After reviewing CCTV footage of the surgery, Kwon's mother found that much of the operation took place with a general doctor, rather than the hired surgeon, in charge, and portions of the operation were performed by nursing assistants with neither doctor nor surgeon present. The hired surgeon, who had been explicitly advertised as performing surgeries from start to finish, was carrying out operations on multiple patients at the same time.

After the surgery, both doctors went home. Kwon lost over 3.5 liters of blood, over three times the amount later reported by the medical staff; the unsupervised assistants had to mop the bloodied floor over a dozen times. Kwon was transferred to the hospital that night, and died seven weeks later.

Kwon's family won 430 million won in damages against the clinic in 2019. The surgeon in the case was sentenced in 2021 to three years of prison for involuntary manslaughter.

Following Kwon's death, his mother protested regularly in front of the Korea National Assembly Proceeding Hall to call for a bill, sometimes known as the "Kwon Dae-hee bill", that mandates the installation of security cameras in operating rooms.
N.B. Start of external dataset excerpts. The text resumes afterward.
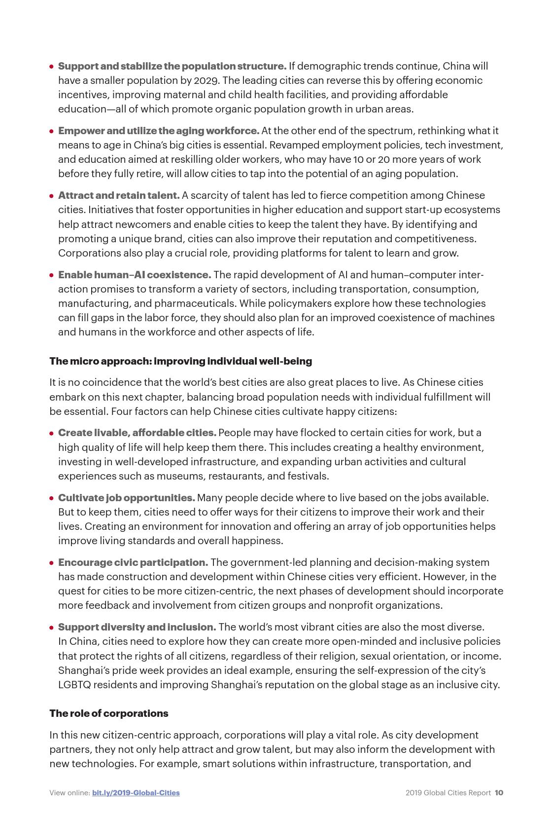然而,随着整体城市化进程放缓,城市的发展不能只谈增长,中国城市要想建立持续的竞争力,揭开崛起新篇章,应“以市民为中心”,重点推动人口结构健康发展和市民个人幸福感提升,吸引更多人才和外商投资。
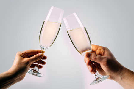 Two hands holding and toasting champagne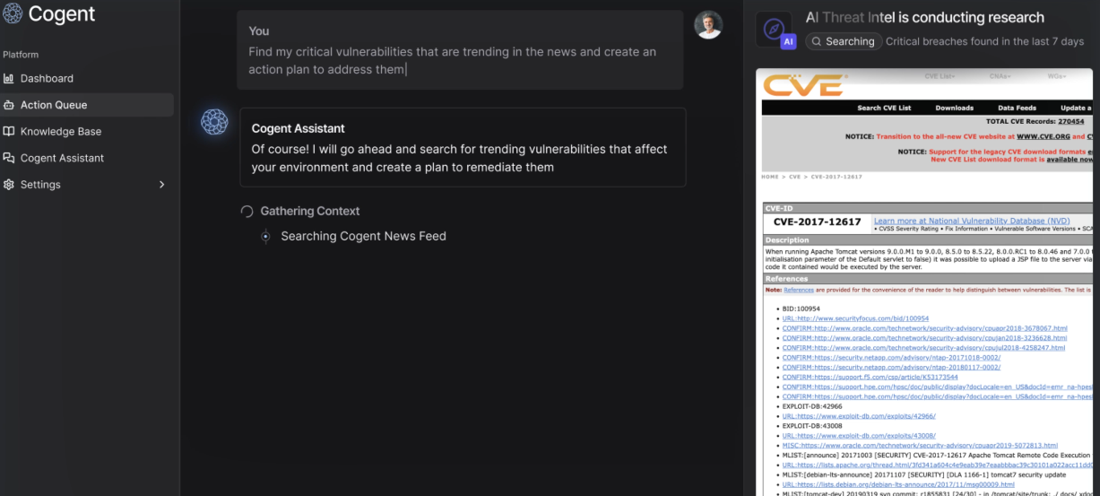 Cogent Security provides a state-of-the-art vulnerability management solution that utilizes artificial intelligence to autonomously oversee the entire lifecycle of vulnerability management, offering round-the-clock defense at impressive speeds while cutting down manual efforts by half. The platform initiates its process by gathering real-time data from your infrastructure, encompassing assets, configurations, threat intelligence, and the importance of business operations, enabling it to dynamically prioritize risks according to the probability of exploitation and the potential severity of their impacts. By focusing on return on investment, it pinpoints the most critical remediation tasks and automates the workflow orchestration necessary for deploying patches, configuration adjustments, or alternative security measures. With AI agents embedded in the framework, ongoing monitoring and adaptive planning are sustained as new vulnerabilities emerge, while program-level reporting supplies user-friendly dashboards and compliance documentation whenever required. Consequently, clients see a twofold reduction in the average time needed to address critical vulnerabilities and can resolve issues four times faster, all without needing to expand their current workforce. This revolutionary method not only bolsters security but also empowers organizations to use their resources more effectively, thereby strengthening their overall risk management framework. Ultimately, the platform ensures that businesses can remain resilient in an ever-evolving threat landscape.

The bill was passed in August 2021, in part due to the public response to Kwon's death. The bill received objections from doctors, hospitals and medical groups, including the Korean Medical Association, claiming that the cameras in the operating rooms would undermine trust in doctors, violate patient privacy and discourage doctors from taking risks to save lives. A poll by the Anti‑Corruption and Civil Rights Commission found that 97.9% of respondents supported the bill.

== In popular culture ==
Ghost surgery was included in the plot of Squid Game.